Inhibition of biliary bicarbonate secretion in ethinyl estradiol-induced cholestasis is not associated with impaired activity of the Cl −/HCO 3− exchanger in the rat

Abstract

Background/Aims: Bicarbonate is a major component of bile salt independent bile flow, which is impaired in ethinyl estradiol (EE)-cholestasis. To examine this subject in EE-cholestasis, we studied: 1) basal and glucagon-stimulated biliary bicarbonate secretion both in vivo and in the isolated perfused rat liver (IPRL); 2) H +/HCO 3 − transport processes in isolated rat hepatocyte couplets. Methods: Rats received (5 mg·kg b.w. −1 for 5 days. Intracellular pH (pH i) was measured (BCECF-AM) using a single-cell microfluorimetric setup. Results: Bile flow was markedly ( p<0.01) decreased in EE-treated rats. Bicarbonate concentration in bile was decreased ( p<0.01) and bicarbonate secretion was 2.5-fold lower in EE-treated animals than in controls, both in bile-fistula rats [19.5±5.1 ( n= 23) vs 54.2±5.7 ( n=20) nmol·min −1·gliver −1; p<0.01] and in the IPRL [11±2 ( n=8) vs 24±3 ( n=8) nmol·min −1·gliver −1; p<0.01]. In control IPRL, a bile/perfusate gradient for bicarbonate is maintained, while it is lost in EE-treated IPRL because of the lower bicarbonate concentration in bile. Glucagon stimulated bile flow and bicarbonate secretion to a similar extent in EE-treated and control IPRL (+25% vs +23%). Resting pH i of EE-treated hepatocyte couplets was higher in comparison with controls in KRB [7.25±0.07 ( n=35) vs 7.20±0.05 ( n=33); p<0.02] but similar in Hepes [7.08±0.07 ( n=24) vs 7.05±0.06 ( n=26)]. Basal activity of the Cl −/HCO 3 − exchanger was similar in EE-treated and control hepatocyte couplets [H + flux= 2.87±1.12 ( n=18) vs 3.01±1.23 mM/min ( n=15)] and was stimulated to a similar extent by glucagon. Na +/HCO 3 − symport activity was increased in EE-treated hepatocyte couplets ( p<0.05) while the Na +/H + exchanger was unchanged.
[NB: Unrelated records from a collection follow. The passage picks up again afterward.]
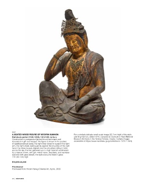 A SEATED WOOD FIGURE OF NYOIRIN KANNON For a similarly delicate small-scale image (32.7cm high) of the wish-
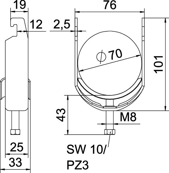 Opis proizvodaLučna obujmica sa U-stopom, metalno pritisno korito sa zaobljenim ivicama radi zaštite kabla. Za vertikalnu i horizontalnu montažu jednog pojedinačnog kabla na C-šinu Za širinu proreza 18 - 22 mm. Pomoću zavrtnja sa 1-strukim navojem pričvrstiti na pritisno korito, univerzalna šestostrana glava zavrtnja SW10, sa ravnim ili krstastim prorezom. Pogodno za montažu u zatvorenom i na otvorenom prostoru. Preporučuje se upotreba kontrakadice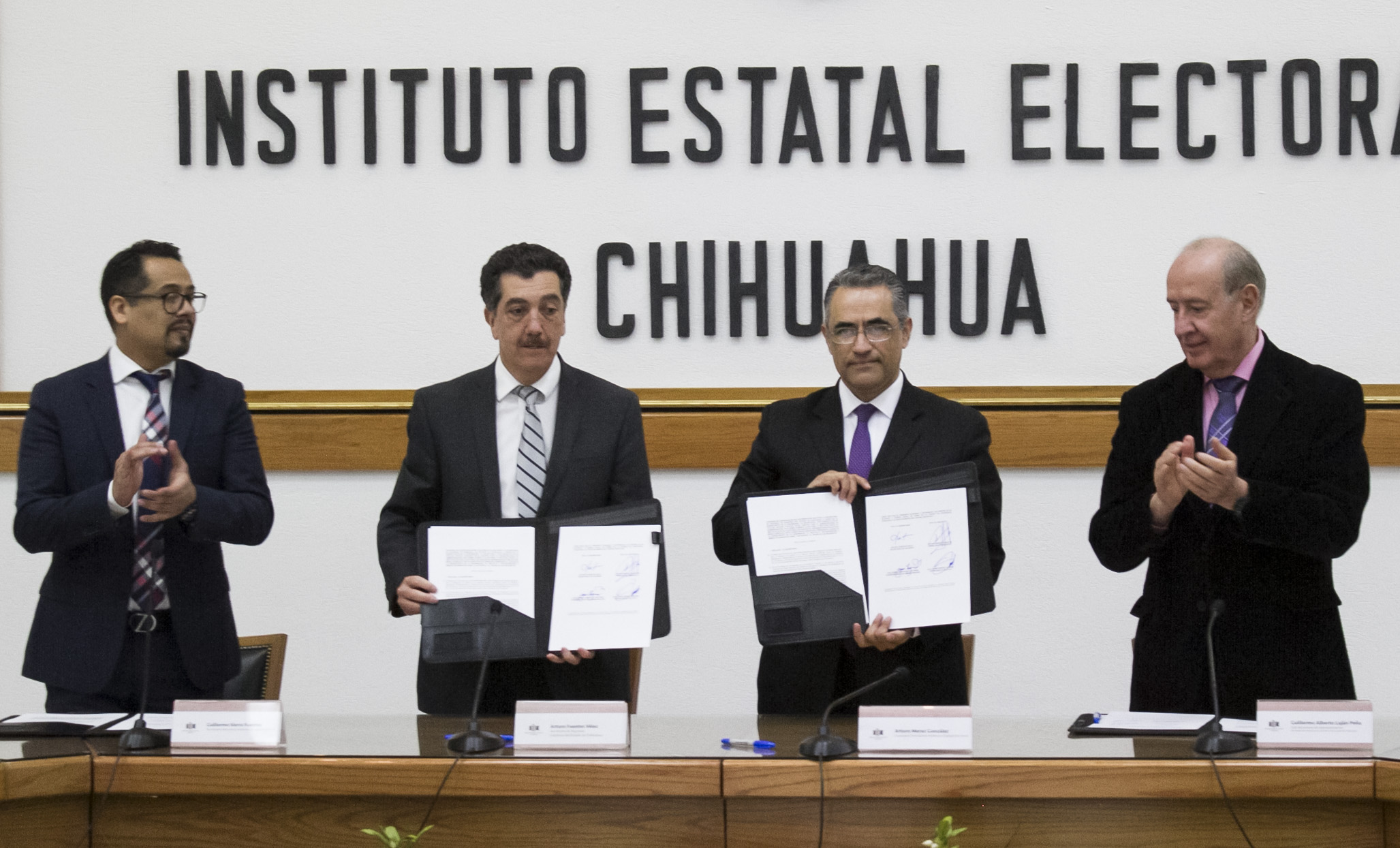 Chihuahua, Chih.- El Instituto Estatal Electoral de Chihuahua (IEE) y la Secretaría de Hacienda firmaron el convenio de coordinación, con el objetivo de establecer las bases y mecanismos de colaboración para la impresión de las boletas electorales en Talleres Gráficos.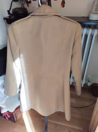 Elegante abrigo de corte clásico, perfecto para añadir un toque vintage a tu armario. Su diseño atemporal lo hace ideal para diversas ocasiones. Axila 56cm ✅️ Hombro 42cm ✅️ Largo 112 cm ➡️ Largo manga 63cm - Botones de color burdeos. - Bolsillos frontales. - Puños con detalle de botón.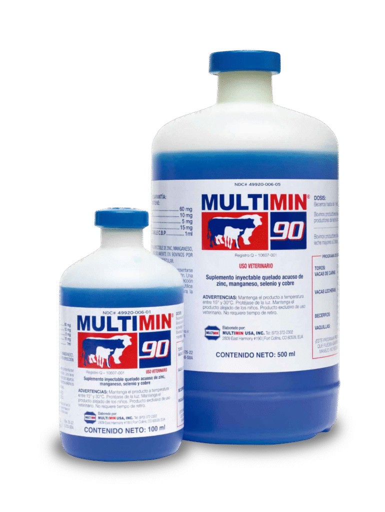 MULTIMIN©90 es una fuente suplementaria quelada e inyectable de zinc, manganeso, selenio y cobre, en una forma fácilmente disponible, que sobrepasa antagonistas en el alimento, forraje, granos de destilería y agua potable que pueden reducir la absorción de estos minerales traza críticos.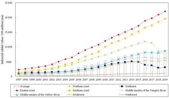 Generally, China can be divided into eight economic zones. The industrial structure and development level of each economic zone are different, resulting in obvious regional differences in industrial added value and industrial carbon emissions. (See Figure 2 and Figure 3 for details.) The most influential and multifunctional manufacturing center on the Eastern coast and the manufacturing center of high-tech products on the southern coast always have the highest average industrial added value, and the average industrial carbon emissions on the eastern coast are also high. Northwest is an important energy strategic replacement base, and the tertiary industry in the southwest is developing rapidly. These two economic zones are both vast and sparsely populated, and their economic development conditions are poor, so the average industrial added value is the lowest, and the average industrial carbon emissions are always low. The middle reaches of the Yellow River are the largest coal mining and deep processing base, natural gas and hydropower development base, iron and steel industry base, and non-ferrous metal industry base. The northern coastal area is one of the most powerful high-tech R&D and manufacturing centers. The average industrial carbon emissions of these two economic zones are always high. The northeast is the manufacturing base of energy and raw materials, with large energy consumption but a low level of economic development, so the average industrial added value is smaller, but the average industrial carbon emissions are higher. The middle reaches of the Yangtze River are a raw material base dominated by iron and steel and non-ferrous metallurgy, and the average industrial carbon emissions and average industrial added value belong to the medium level in the eight major economic zones.

Conclusions: Bicarbonate biliary secretion is markedly impaired during EE-cholestasis in association with a marked decrease of bile salt independent bile flow. However, the Cl −/HCO 3 − exchanger and its hormonal regulation are normal, indicating that the lower bicarbonate excretion in EE-cholestasis is not due to a compromised activity of this anion exchanger. Since the bile/perfusate gradient for bicarbonate is dissipated in EE-treated IPRL, the impaired bicarbonate excretion could be caused by a reflux of biliary bicarbonate via leaky tight junctions.